# Material to process:
● ● ● ● ●
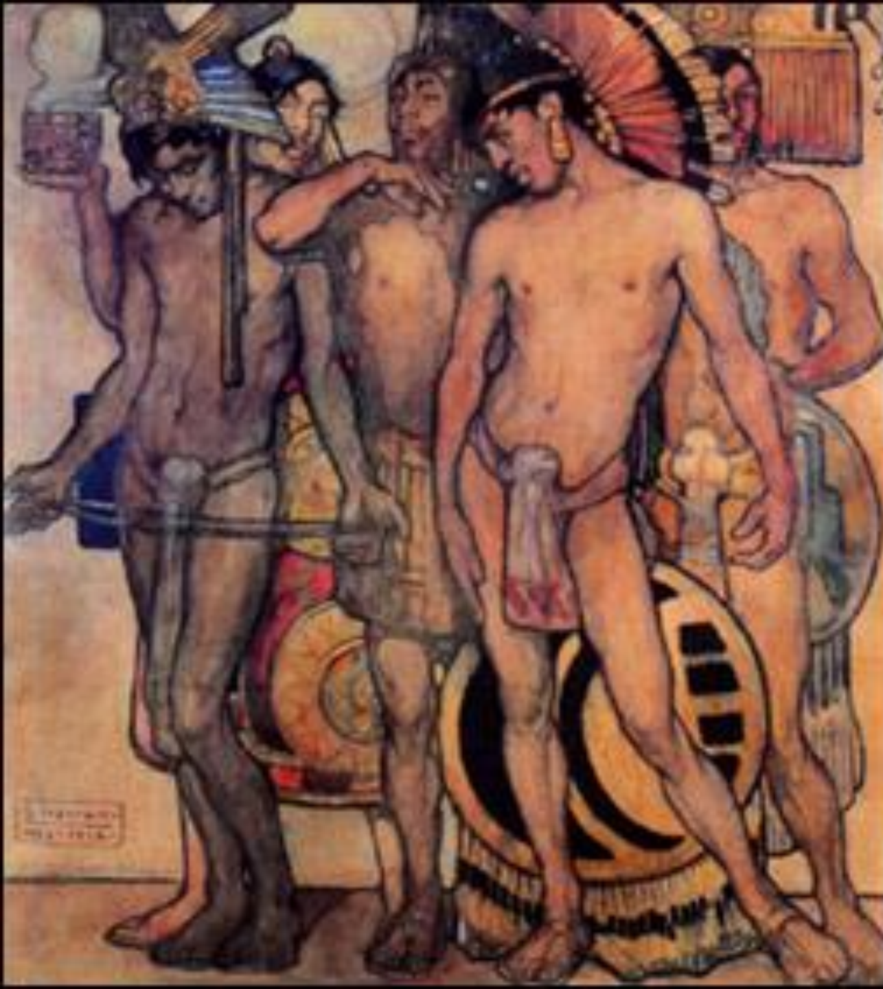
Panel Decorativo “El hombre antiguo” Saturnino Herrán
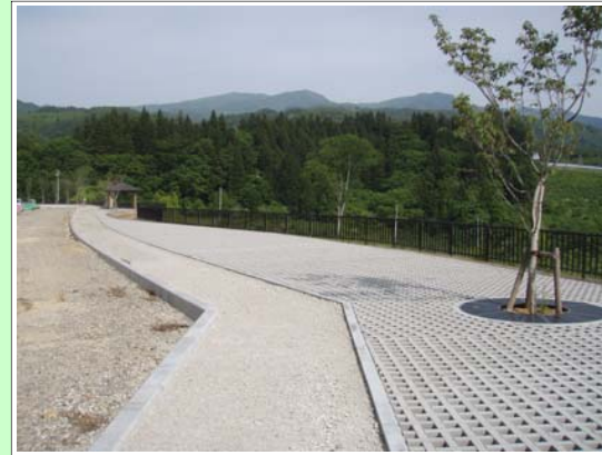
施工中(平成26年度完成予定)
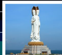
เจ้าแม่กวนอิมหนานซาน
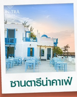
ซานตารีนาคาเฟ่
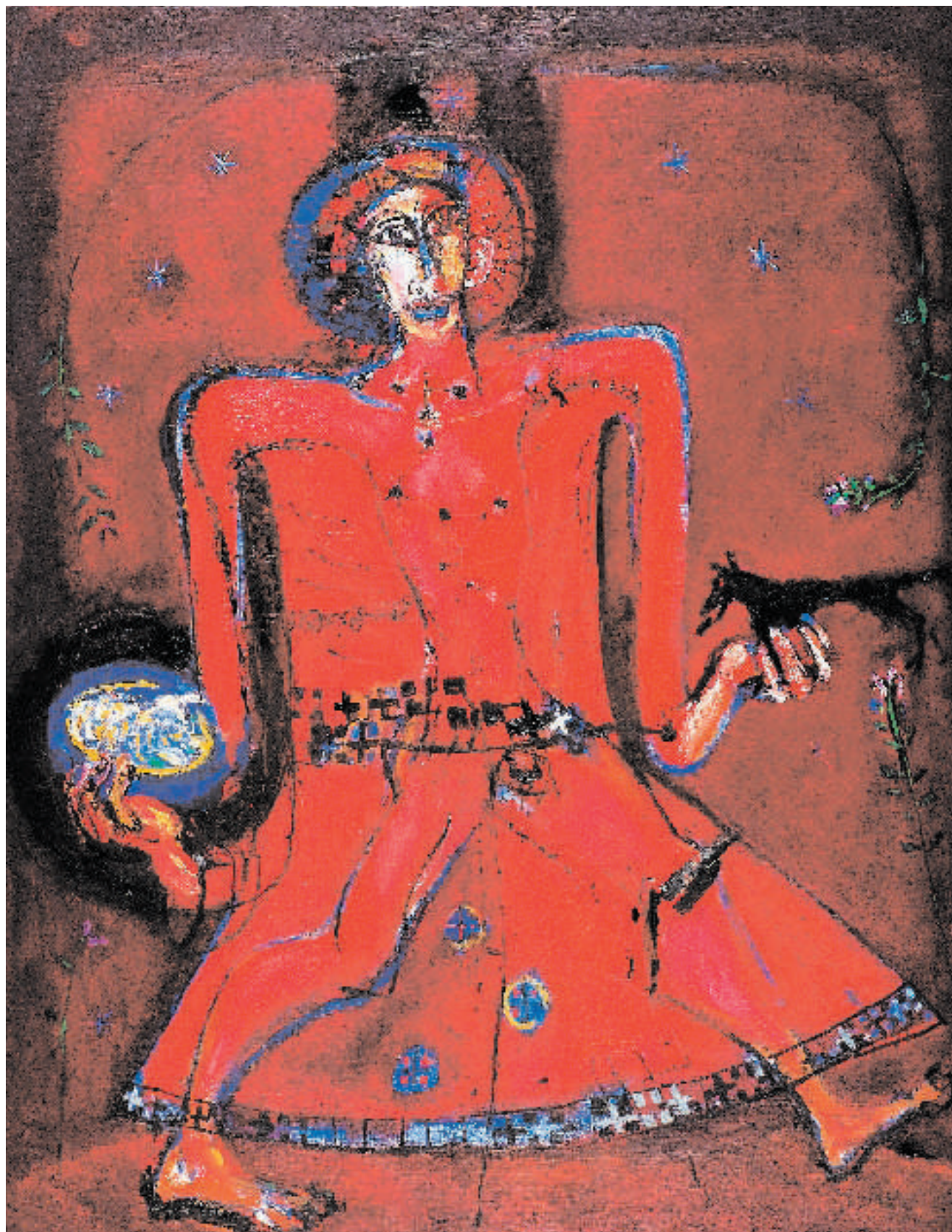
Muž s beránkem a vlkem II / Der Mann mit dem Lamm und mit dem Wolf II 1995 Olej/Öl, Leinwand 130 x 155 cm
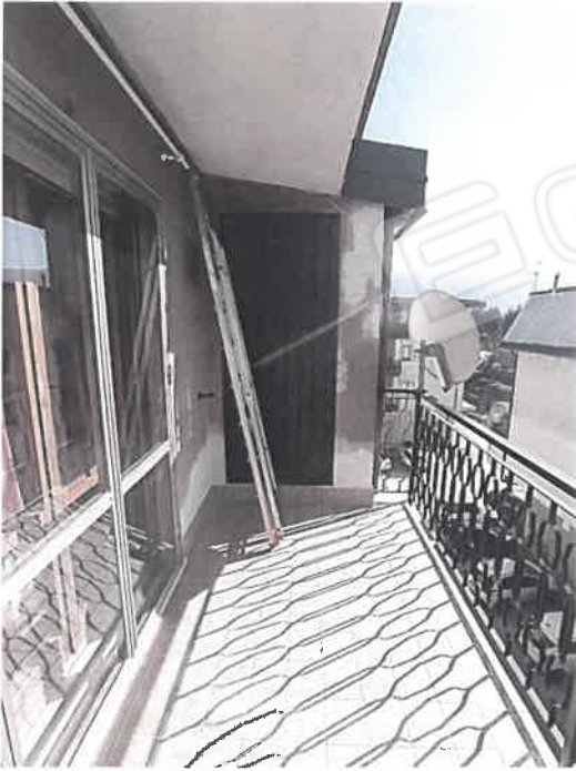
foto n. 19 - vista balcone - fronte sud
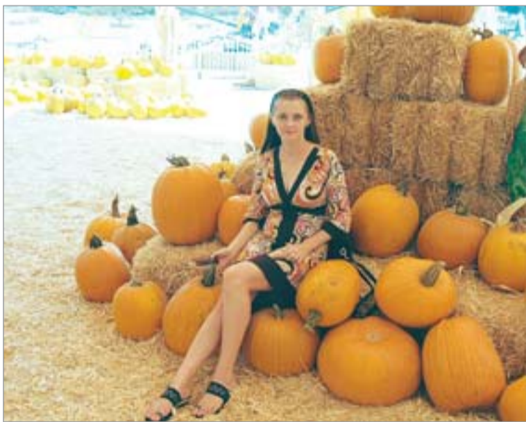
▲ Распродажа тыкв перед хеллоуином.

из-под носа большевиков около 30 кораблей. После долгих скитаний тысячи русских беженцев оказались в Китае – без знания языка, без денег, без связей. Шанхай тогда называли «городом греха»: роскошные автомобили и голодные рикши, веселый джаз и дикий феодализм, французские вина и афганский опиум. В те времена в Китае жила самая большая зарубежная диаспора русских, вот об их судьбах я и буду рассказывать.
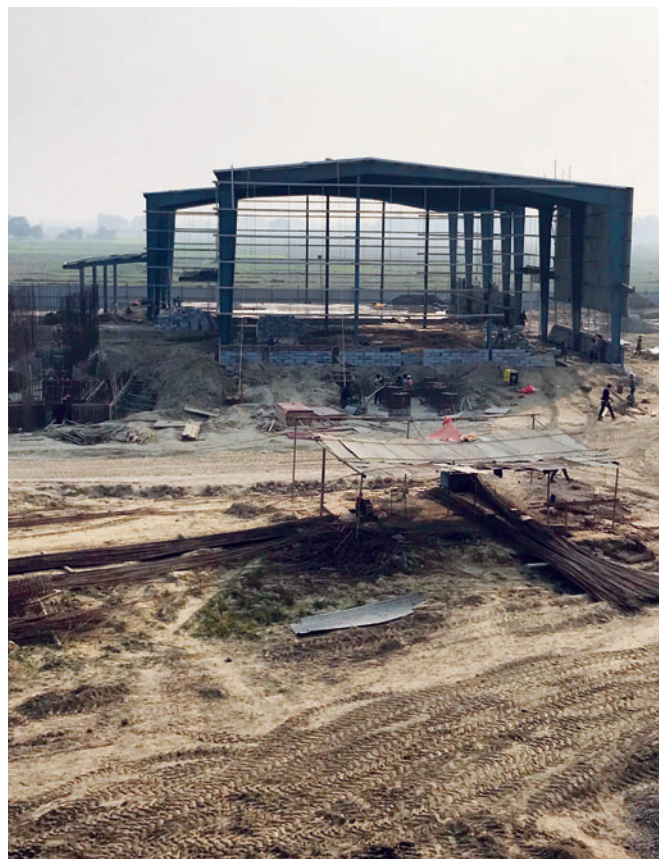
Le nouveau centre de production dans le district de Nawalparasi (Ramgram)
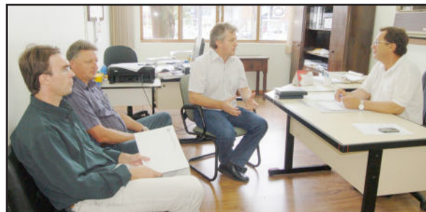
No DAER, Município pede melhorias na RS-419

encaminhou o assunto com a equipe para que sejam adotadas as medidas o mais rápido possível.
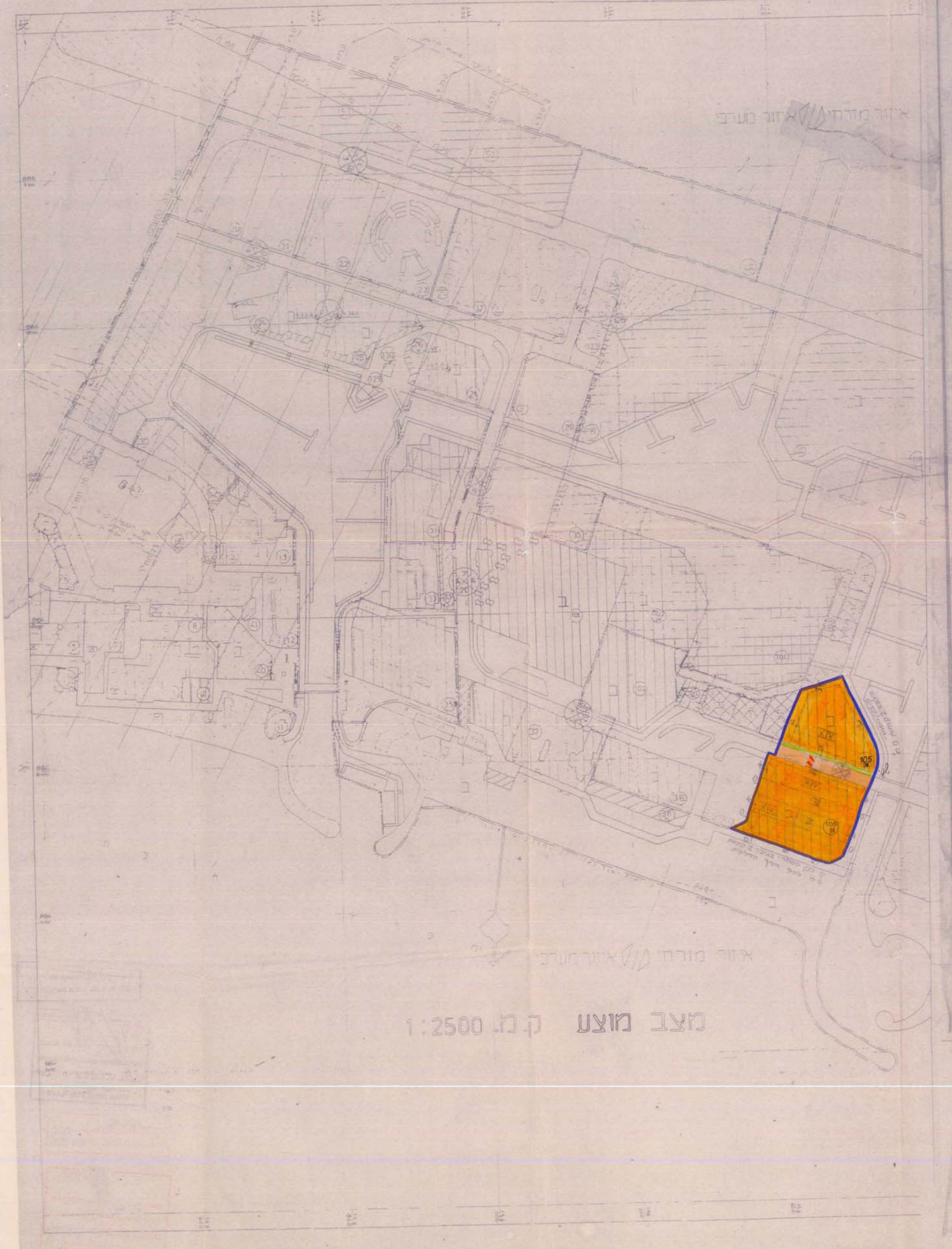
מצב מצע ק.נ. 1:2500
● ● ● ● ●
Repeat the lines exactly as they stand, from the opening line of the data through the line with "тыкв перед хеллоуином.". Pictures stay out of the copy.

Panel Decorativo “El hombre antiguo” Saturnino Herrán
施工中(平成26年度完成予定)
เจ้าแม่กวนอิมหนานซาน
ซานตารีนาคาเฟ่
Muž s beránkem a vlkem II / Der Mann mit dem Lamm und mit dem Wolf II 1995 Olej/Öl, Leinwand 130 x 155 cm
foto n. 19 - vista balcone - fronte sud
▲ Распродажа тыкв перед хеллоуином.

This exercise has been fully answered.